### What to produce
With the material below, print exactly the lines between the line holding "These sustainability torchbearers" and the line holding "全实木上下铺双层床儿童床女孩多功能床高低床子母床双层床上下床", inclusive. Add nothing else.

### Data supplied
____________________
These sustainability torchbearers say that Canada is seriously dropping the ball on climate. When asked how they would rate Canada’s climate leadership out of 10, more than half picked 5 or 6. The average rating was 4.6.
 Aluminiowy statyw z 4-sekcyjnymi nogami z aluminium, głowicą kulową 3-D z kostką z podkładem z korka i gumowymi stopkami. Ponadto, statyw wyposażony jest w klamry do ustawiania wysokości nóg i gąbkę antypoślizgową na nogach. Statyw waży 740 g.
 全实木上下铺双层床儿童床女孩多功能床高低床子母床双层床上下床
____________________
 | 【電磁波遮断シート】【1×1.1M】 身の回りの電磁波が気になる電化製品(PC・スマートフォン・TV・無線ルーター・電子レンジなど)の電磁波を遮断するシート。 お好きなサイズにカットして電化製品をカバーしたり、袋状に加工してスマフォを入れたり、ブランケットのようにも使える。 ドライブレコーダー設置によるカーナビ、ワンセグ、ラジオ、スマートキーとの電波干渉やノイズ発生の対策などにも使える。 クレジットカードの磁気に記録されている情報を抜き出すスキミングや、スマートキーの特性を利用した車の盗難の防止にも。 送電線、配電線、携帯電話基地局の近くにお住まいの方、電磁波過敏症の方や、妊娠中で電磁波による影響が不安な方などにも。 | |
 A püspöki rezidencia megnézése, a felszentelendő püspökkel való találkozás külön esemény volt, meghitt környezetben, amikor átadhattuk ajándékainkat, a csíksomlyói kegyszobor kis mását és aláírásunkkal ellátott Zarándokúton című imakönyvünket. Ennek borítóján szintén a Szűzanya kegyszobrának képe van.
____________________
### Response
These sustainability torchbearers say that Canada is seriously dropping the ball on climate. When asked how they would rate Canada’s climate leadership out of 10, more than half picked 5 or 6. The average rating was 4.6.
 Aluminiowy statyw z 4-sekcyjnymi nogami z aluminium, głowicą kulową 3-D z kostką z podkładem z korka i gumowymi stopkami. Ponadto, statyw wyposażony jest w klamry do ustawiania wysokości nóg i gąbkę antypoślizgową na nogach. Statyw waży 740 g.
 全实木上下铺双层床儿童床女孩多功能床高低床子母床双层床上下床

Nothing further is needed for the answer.